The Feminist part, on the other hand, would hyper-fixate on the idea that she is a "woman" and would do everything in her power to try and force herself into that label. She still does that to this day, and I can tell that it really bothers and hurts her. In looking closer at her hurts, I can see why she has these internal struggles. Back when we were in our early 20's, we got diagnosed with PCOS, and due to the lack of periods and the possibility that we might have fertility issues if we ever try for a child someday, we broke down really badly. These very real struggles made me feel like a defective woman and I would often express to therapists that I didn't "feel female enough". I knew it didn't make much sense because I was assigned female at birth, but something still felt so wrong. So when I found a community of women who were saying things affirming our sex at birth, the Feminist part took it and ran for the hills with it.

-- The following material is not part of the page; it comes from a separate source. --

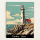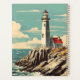 Ein Leuchtturm und die Hütte des Wärters liegen auf einem Felsvorsprung, an einem blauen Himmelstag über einem ruhigen Meer, der in einem Vintage-Poster-Stil gehalten ist.

That's not to say that all of her ideas are correct or the only way to interpret gender, but it is to say that her actions and beliefs come from a place of genuine hurt and suffering... these are things I hope that we can all walk with her together about to help her heal.

...I guess when it comes down to it, we're all just a bunch of wayward spirits trying to find our way "home". We want to go to a Heavenly place someday where we can all rest in peace. I don't know if that would ever become a reality, but in any case, in order to make it to that place of Serenity, I think we all need to come together and work together as a family. I think it's the only way we'll ever find true rest and peace...

And as for me (Ponko), I'm starting to look at myself in comparison to Kyle and I'm starting to think that I might have emerged as a part from Kyle to try and be a Big Sister to some of the system members. I'm still learning more about myself as we speak, but I feel like I'm around the same internal age as Kyle (fifteen) and have a lot of the same attitudes that he has regarding being cheerful and fun-loving. I'm so glad that I get to be here and exist. I'm so grateful to be able to help out my system family. It really does feel like a blessing and gift from God or whoever's out there in the Universe running things.
tuesday_morning: (Muslim)
Quick background on me: I was raised Muslim from birth and ended up having doubts in my late teens before officially leaving Islam by the age of around 20 years old. The decision wasn't an easy one to make and, in all honesty, it was a traumatic decision for me to make, but I decided that I needed to leave it in order to more fully immerse myself in other religions and paths. Back in my younger days, my mother forbade me from learning about or participating in the practices of other religions. To an extent, I can see why she might have done that, but as someone looking back on the situation, I don't think this was the best thing for her to have done. In essence, her strictness is what ended up causing me to leave Islam in the first place... but now, almost eight years have passed. I can't continue blaming my mother forever about this. At some point, I have to make a decision about what I'm going to do with myself and my life... but I wonder what decision I should make. Do I follow what is the most logical? What feels best to me? But then, how do I know that what I am feeling is actually right as opposed to wrong or subjective?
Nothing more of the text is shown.